Knowing what motivates your characters helps you decide what they’ll do in any given situation and why, which makes your characters more believable and your story more engaging.

Layers of Motivation

Donald Maass says that there are layers of motivation the immediate, the rational, the deeply psychological, the genetic, and the ideal.

  • Immediate motives are imposed on a character by plot circumstances (because of that, you must do this). These motives live on the surface. They are the least compelling, because readers are not in that situation.
  • Rational motives explain why a character should do this or that. These reasons are good, smart, selfish, or petty. They might not sound rational, but they are how a character rationalizes what they do.
  • Deeply psychological motives drive a character to act a certain way in a given situation and not act in any other way. These motives are born in back story and spring from what has hurt a character—unmet needs, unresolved conflicts, or the need to slay an inner monster or prove oneself.
  • Genetic motives speak to a character’s disposition and emotional makeup. They explain how characters vote, make moral “judgments,” choose paintings, dress from Brooks Brothers or Forever 21, and handle conflict.
  • Ideal motives are why characters can, finally, to do the right or selfless thing. These motives emerge only when characters mature, fail, have catharsis, awaken, or in any other way grow up.

Maass says that if a character exhibits only one motive, that character remains one-dimensional. Characters become real when multiple motives conflict with each other.

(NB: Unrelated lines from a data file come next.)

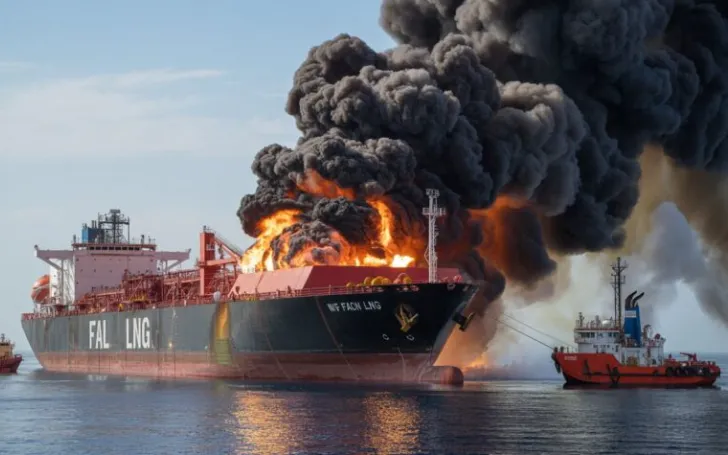 Các quan chức Anh và Liên minh châu Âu đưa ra nhiều ý kiến khác nhau về nguyên nhân gây ra vụ cháy trên tàu Falcon. Phía Anh cho rằng tàu đã bị trúng đạn pháo, trong khi EU tin rằng đây dường như là một tai nạn. Họ cảnh báo các tàu trong khu vực rằng tàu có thể phát nổ vì nó chở đầy khí đốt hóa lỏng.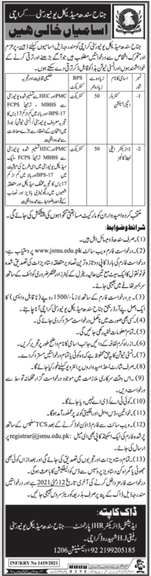 Vacancies in Jinnah Sindh Medical University Advertisement May 2021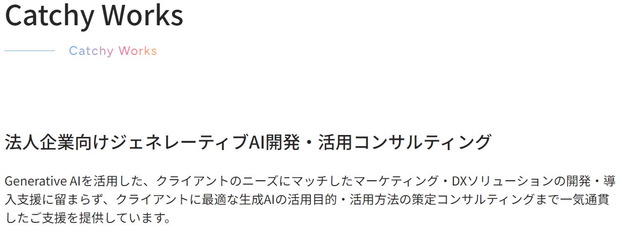 Catchy worksは、GPTシリーズを活用した国内最大級のAIコピーライティングツール「Catchy(キャッチー)」(会員数6万人)を運営する株式会社デジタルレシピが、GPTシリーズの導入支援を行うために開発したサービスです。企業がGPT-4をはじめとする最新のAI技術を利用することをサポートし、革新的な顧客体験の創出を目指しています。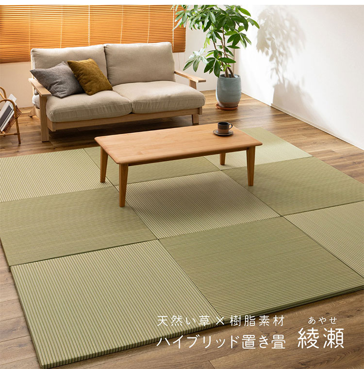 新素材で丈夫 ハイブリッド置き畳 綾瀬 9枚組 82×82cm い草×樹脂 置き畳 畳マット カーペット 天然い草 樹脂素材 MIX 和モダン おしゃれ 抗菌 防臭 騒音抑制 軽量 ユニット畳 ふちなし 縁なし【送料無料】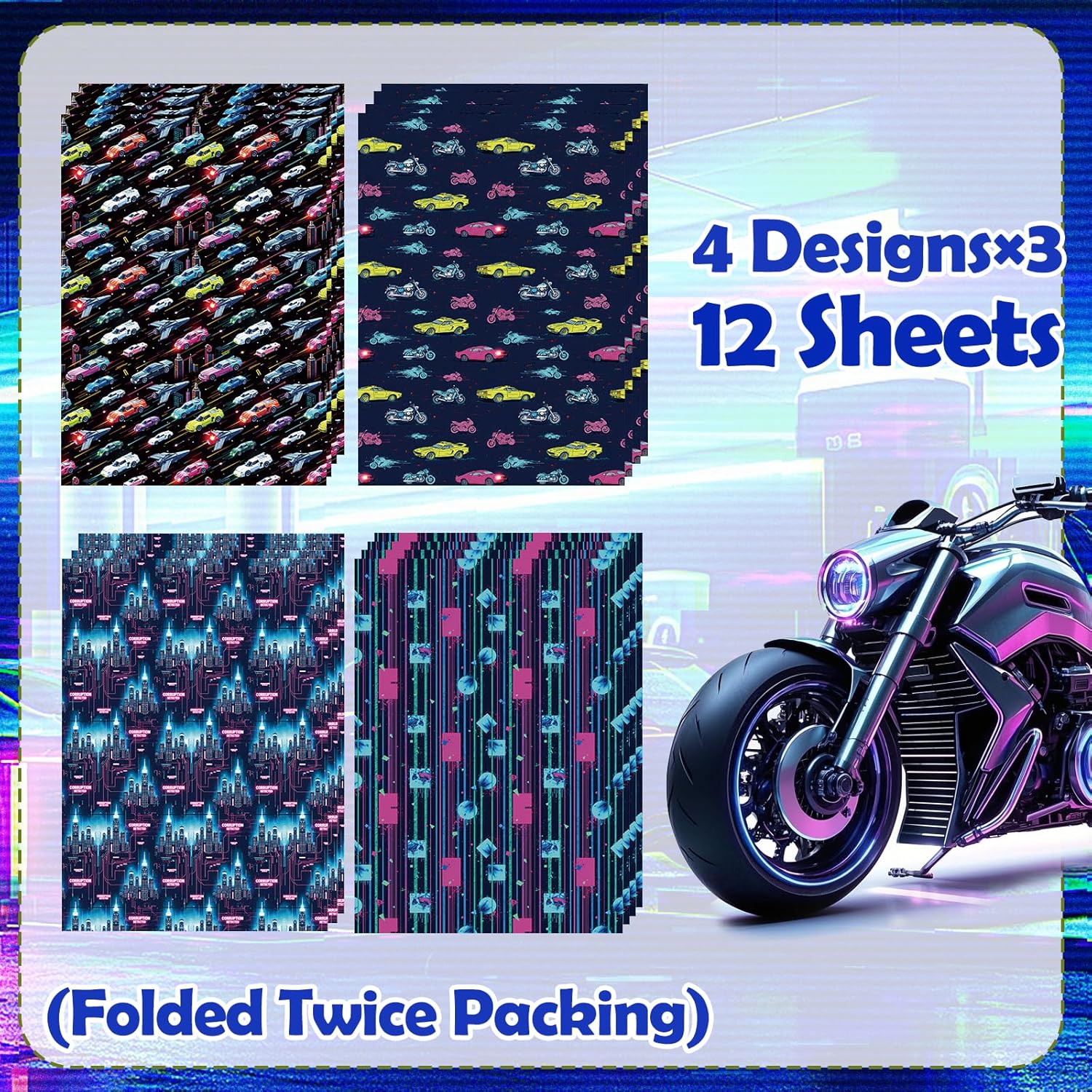 - 12 SHEETS & 4 DESIGNS:This futuristic wrapping paper set includes 12 high-quality sheets,featuring 4 unique cyber-inspired designs (3 sheets per design).Pre-folded for compact storage,this pack is ideal for personal gifting or small businesses.The vibrant,high-resolution prints ensure eye-catching appeal,perfect for birthdays,holidays,or tech-themed events.

How can you know if your characters have fully developed and multiple motivations? These three exercises from editor Jim Dempsey  can be a fun way to help you discover what makes your characters tick.

  1. The opposite job

What job does your character have? Is s/he a good fit for it? The New York Times developed a tool that tells you what your “opposite job”  is—the job that uses skills the exact opposite of what job you’re in. Just type in an occupation, and the tool tells you what skills you need to do it (as determined by the U.S. Labor Department)—and what the opposite job is, based on those required skills.

The opposite of a writer, for example, is a mobile home installer.

One skill for writers that’s used most often is creative thinking, for example, while mobile home installers need to be able to coordinate the work and activities of others, which writers almost never do.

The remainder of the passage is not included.